High colour rendering index and colour stable hybrid white efficient OLEDs with a double emitting layer structure using a single phosphorescence dopant of heteroleptic platinum complexes
Poloek, Anurachw,Lin, Chiao-Wen,Chen, Chin-Ti,Chen, Chao-Tsen
, p. 10343 - 10356 (2015/02/19)
Four heteroleptic platinum complexes (FPtXND) bearing 4-hydroxy-1,5-naphthyridine derivatives functionalized with dimethyl (X = mm), phenoxy (X = OPh), piperidine (X = pp), or carbazole (X = Cz) units as one ligand (XND) and 2-(2,4-difluorophenyl)pyridine as the other common ligand (F) were newly synthesized and characterized. The crystal structures of FPtOPhND and FPtCzND were determined by single-crystal X-ray diffraction crystallography. Although they have a short plane-to-plane packing distance of 3.62 and 3.39 A, respectively, both platinum complexes have different molecular packing patterns, which affect their photoluminescence (PL) in solution and electroluminescence (EL) in the solid state. Due to the contribution from both monomers and excimers/aggregates, all of the platinum complexes exhibited broad and red-shifted PL in concentrated solutions as well as in doped thin films. In the monochromatic organic lighting diode (OLED) testing, FPtXND doped in 4,4′-di(9H-carbazol-9-yl)-1,1′-biphenyl (CBP) exhibited greenish yellow or orange yellow EL, of which FPtOPhND has the highest EL efficiency mainly due to its high solution PL quantum yield of 21%. Hybrid white OLEDs were first achieved with a single emitting layer configuration, of which highly fluorescent blue N,N′-di-1-naphthalenyl-N,N′-diphenyl-[1,1′:4′,1″:4″,1-quaterphenyl]-4,4-diamine (4P-NPD) was used as the host material for all four platinum complexes.
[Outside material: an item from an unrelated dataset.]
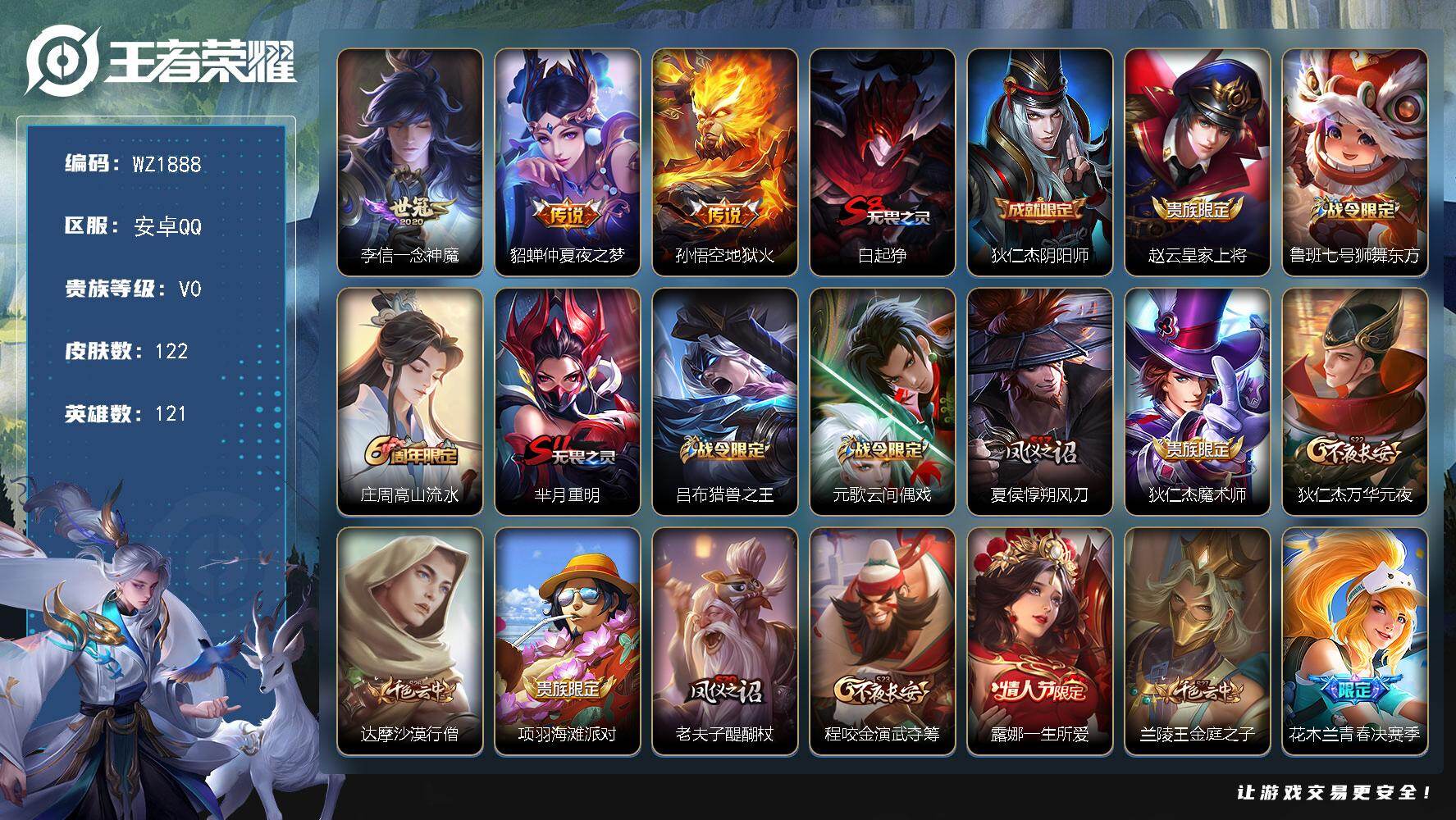 - [16326333]【特价出售/店主推荐】安卓WX-V2-尊贵铂金III段位-123英雄-152皮肤-6传说-37史诗 【传说皮肤】:马可波罗深海之息,李信一念神魔,干将莫邪久胜战神,李白凤求凰,孙尚香末日机甲,孙悟空地狱火 【限定皮肤】:白起狰,狄仁杰阴阳师,赵云皇家上将,嬴政白昼王子,鲁班七号狮舞东方,庄周高山流水,高渐离玩趣恶龙,吕布猎兽之王,夏侯惇朔风刀,曹操烛龙,马可波罗深海之息,狄仁杰魔术师,狄仁杰万华元夜,达摩沙漠行僧,项羽海滩派对,老夫子醍醐杖,程咬金演武夺筹,兰陵王金庭之子,孙悟空至尊宝,孙悟空孙行者,牛魔御旌,李元芳云中旅人,钟馗神迹守卫,钟馗驱傩正仪,雅典娜黎明之约,蔡文姬繁星吟游,鬼谷子原初探秘者,铠青龙志,苏烈千军破阵,百里玄策原初追逐者,弈星混沌棋,梦奇顽趣,沈梦溪大漠名商,明世隐疑决卦,裴擒虎李小龙,裴擒虎擒涛扼浪,米莱狄御霄,盾山御銮,上官婉儿梁祝,鲁班大师探海日志,桑启海盐诗旅,张良古海寻踪,鬼谷子天穹祈灯 【年限皮肤】:李白凤求凰,铠青龙志 【赛季限定】:白起狰,曹操烛龙,米莱狄御霄,牛魔御旌,盾山御銮,夏侯惇朔风刀,弈星混沌棋,明世隐疑决卦,老夫子醍醐杖,鬼谷子原初探秘者,狄仁杰万华元夜,程咬金演武夺筹,钟馗驱傩正仪,苏烈千军破阵,达摩沙漠行僧,兰陵王金庭之子,沈梦溪大漠名商,李元芳云中旅人,桑启海盐诗旅,裴擒虎擒涛扼浪,鲁班大师探海日志,张良古海寻踪,鬼谷子天穹祈灯,东皇太一噬灭天穹,太乙真人谧流熔炉,百里玄策原初追逐者,雅典娜黎明之约,梦奇顽趣 【战令限定】:嬴政白昼王子,吕布猎兽之王,鲁班七号狮舞东方,钟馗神迹守卫,百里守约百相守梦,老夫子百相守梦 【史诗皮肤】:露娜紫霞仙子,阿轲暗夜猫娘,赵云皇家上将,赵云未来纪元,貂蝉圣诞恋歌,狄仁杰魔术师,廉颇地狱岩魂,宫本武藏鬼剑武藏,嬴政暗夜贵公子,墨子金属风暴,曹操幽灵船长,李白千年之狐,孙悟空至尊宝,花木兰水晶猎龙者,刘邦德古拉伯爵,小乔缤纷独角兽,兰陵王暗隐猎兽者,诸葛亮黄金分割率,亚瑟心灵战警,程咬金功夫厨神,阿轲节奏热浪,嬴政白昼王子,铠青龙志,鲁班七号狮舞东方,狄仁杰鹰眼统帅,公孙离无限星赏官,上官婉儿梁祝,蔡文姬繁星吟游,百里玄策原初追逐者,裴擒虎李小龙,杨戬天秀启明,孙悟空孙行者,庄周高山流水,雅典娜黎明之约,夏洛特永昼,梦奇顽趣,百里守约百相守梦 【其他皮肤】:项羽海滩派对,韩信

To improve the performance of the FPtOPhND-based hybrid white OLEDs, double emitting layer configurations were adopted with CBP and 4P-NPD as the host material. Virtually voltage independent, a white EL having CIEx,y (0.33, 0.31) and a CRI as high as 91 was obtained. The maximum EL efficiency of 11.8%, 25.9 cd A-1, or 11.6 lm W-1 was acquired with FPtOPhND doped in the double emitting layer configuration of an OLED.